▶ YOUR ASSIGNMENT
Repeat verbatim what the listing holds, but not its pictures.

▶ STORED DATA
Content starts

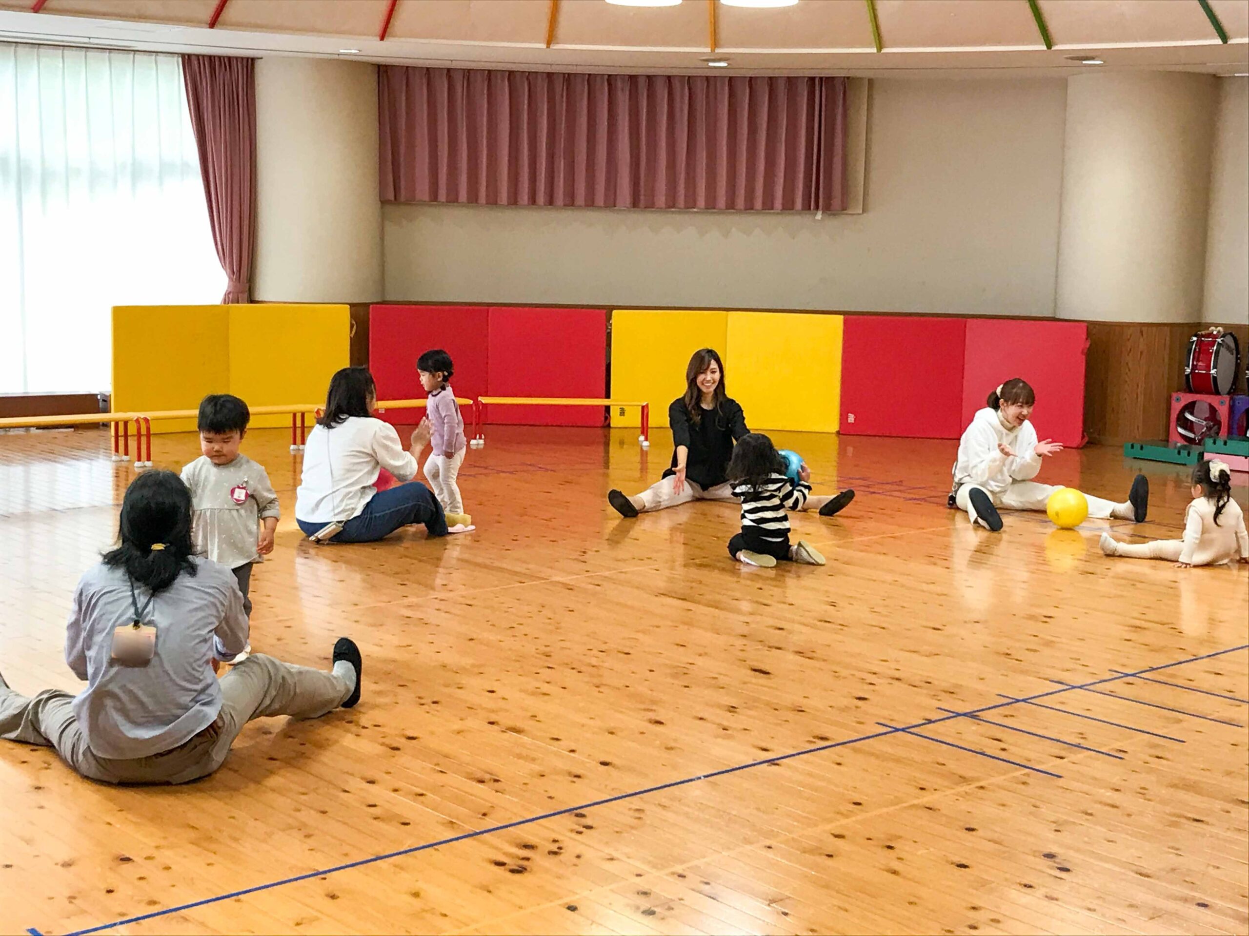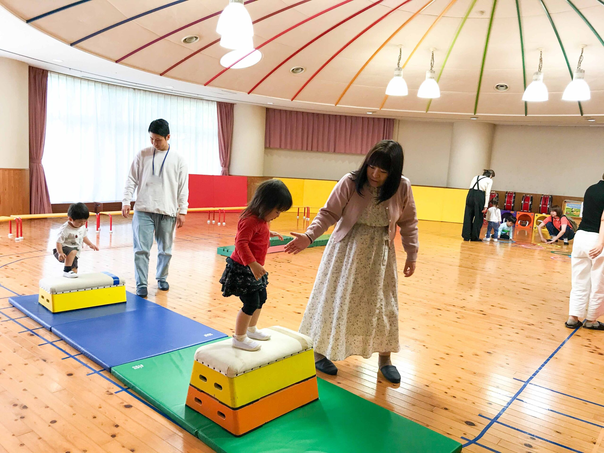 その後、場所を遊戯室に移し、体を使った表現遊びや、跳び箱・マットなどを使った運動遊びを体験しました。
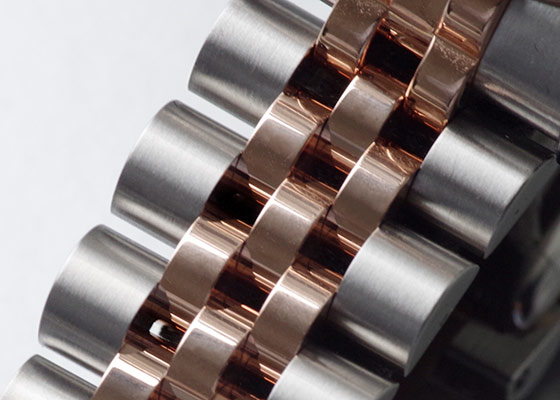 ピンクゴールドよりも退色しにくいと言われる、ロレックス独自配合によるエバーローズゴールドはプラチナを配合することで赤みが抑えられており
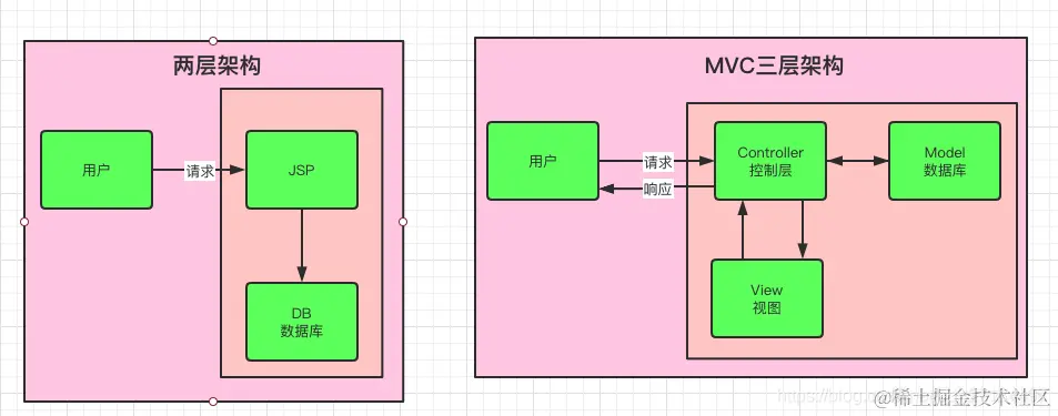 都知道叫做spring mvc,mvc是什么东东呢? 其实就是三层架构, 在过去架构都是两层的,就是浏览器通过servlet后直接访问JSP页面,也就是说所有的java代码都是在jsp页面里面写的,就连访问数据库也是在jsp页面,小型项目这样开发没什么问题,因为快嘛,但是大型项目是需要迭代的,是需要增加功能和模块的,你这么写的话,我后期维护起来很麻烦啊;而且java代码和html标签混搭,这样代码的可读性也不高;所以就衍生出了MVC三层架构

Content ends

▶ FINISHED TASK
 その後、場所を遊戯室に移し、体を使った表現遊びや、跳び箱・マットなどを使った運動遊びを体験しました。
 ピンクゴールドよりも退色しにくいと言われる、ロレックス独自配合によるエバーローズゴールドはプラチナを配合することで赤みが抑えられており
 都知道叫做spring mvc,mvc是什么东东呢? 其实就是三层架构, 在过去架构都是两层的,就是浏览器通过servlet后直接访问JSP页面,也就是说所有的java代码都是在jsp页面里面写的,就连访问数据库也是在jsp页面,小型项目这样开发没什么问题,因为快嘛,但是大型项目是需要迭代的,是需要增加功能和模块的,你这么写的话,我后期维护起来很麻烦啊;而且java代码和html标签混搭,这样代码的可读性也不高;所以就衍生出了MVC三层架构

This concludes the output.